I then informed Mr Cumbershum that at a convenient time I must make myself known to the captain. When he looked surprised I told him who I am, mentioned your lordship’s name and that of His Excellency your brother and outlined the position I should hold in the governor’s entourage—or as much as it is politic to outline, since you know what other business I am charged with. I did not add what I then thought. This was that since the deputy-governor is a naval officer, if Mr Cumbershum was an average example of the breed I should give the entourage some tone it would stand in need of!

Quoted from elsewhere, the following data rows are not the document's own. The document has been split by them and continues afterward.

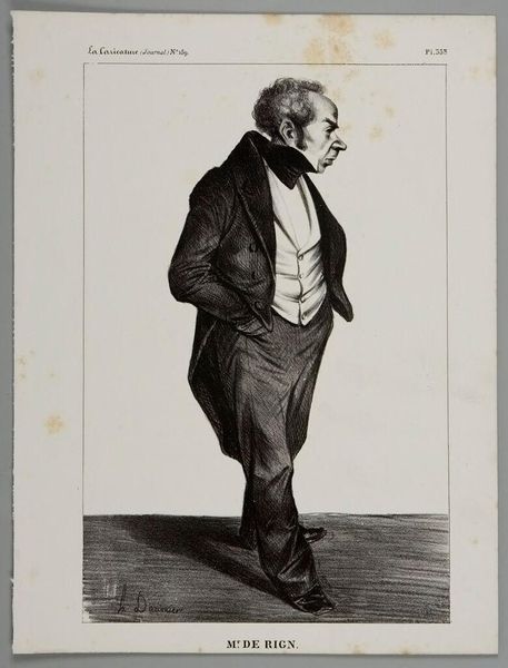 Editor: So this is Honoré Daumier's "Comte Horace Sébastiani" at the Harvard Art Museums. It's a black and white print and the figure is a bit...caricatured. What do you see in this piece? Curator: Daumier was a master of social critique. Consider the context: post-revolution France, a society grappling with class divisions. This image isn't just a funny drawing; it's a commentary on power, specifically the inflated ego and perhaps outdated relevance of the aristocracy. How does the figure's posture strike you? Editor: I guess he looks a little pompous. Is that intentional? Curator: Absolutely. Daumier exaggerates physical traits to expose inner character. Think about the role of satire as a tool for social change. This print challenges us to question who holds power and how they wield it. Editor: So it's not just a portrait, it's a political statement. Curator: Precisely. And that's what makes Daumier so compelling even today.
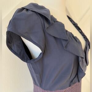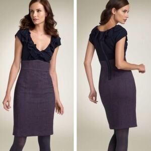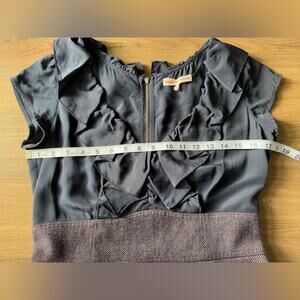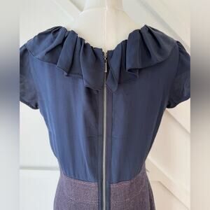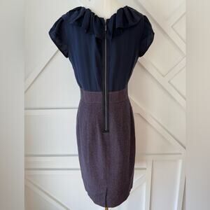 Rebecca Taylor Ruffle 100% Silk Wool Tweed Sheath Dress Blue and Purple Size 10
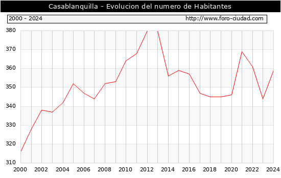 el numero de habitantes en Casablanquilla era de 359, 15 habitantes mas que el en el año 2023. En el grafico siguiente se puede ver cuantos habitantes tiene Casablanquilla a lo largo de los años.
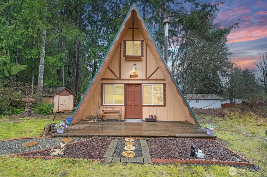 Adorable "A" frame in the Fawn Lake Community. Main floor includes the living room, kitchen, eating area and a bathroom. Spiral stairs to the primary bedroom with a balcony. Wood stove and 1 wall heater. Enjoy the gated community and all that it has to offer with tennis/basketball courts, swimming, fishing, parks, a cabana and is a non motorized boat lake community.
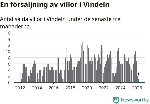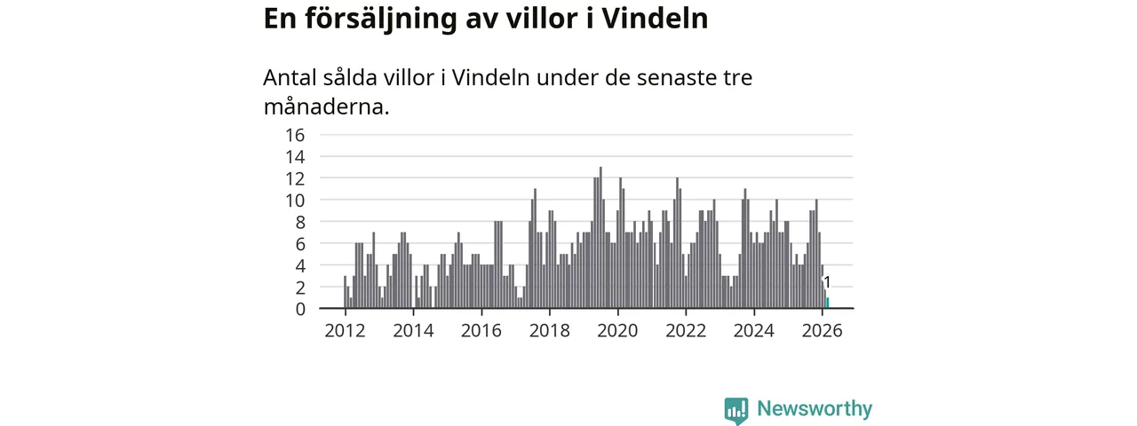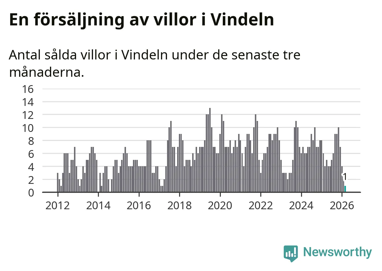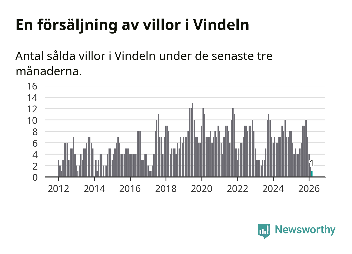 Mellan januari och mars gjordes sammanlagt en affär med villor i Vindelns kommun. Det kan jämföras med fyra vid motsvarande tid i fjol.
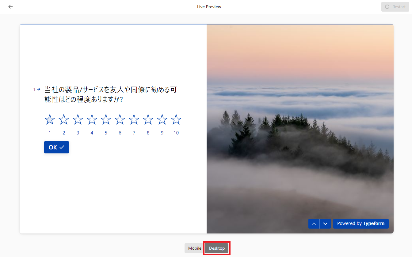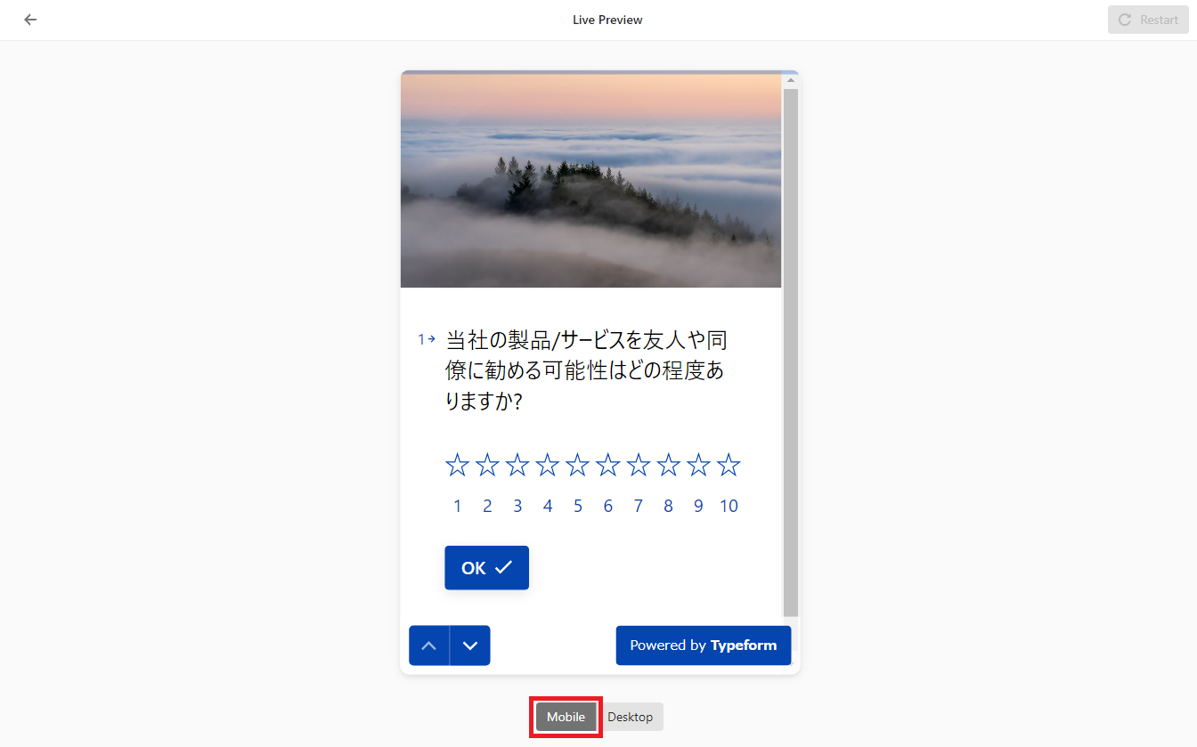 Typeformはモバイルデバイスからも利用でき、レスポンシブデザインをサポートしています。

My information rendered Mr Cumbershum more expansive. He sat down again. He owned he had never been in such a ship or on such a voyage. It was all strange to him and he thought to the other officers too. We were a ship of war, store ship, a packet boat or passenger vessel, we were all things, which amounted to—and here I believe I detected a rigidity of mind that is to be expected in an officer at once junior and elderly—amounted to being nothing. He supposed that at the end of this voyage she would moor for good, send down her top masts and be a sop to the governor’s dignity, firing nothing but salutes as he went to and fro.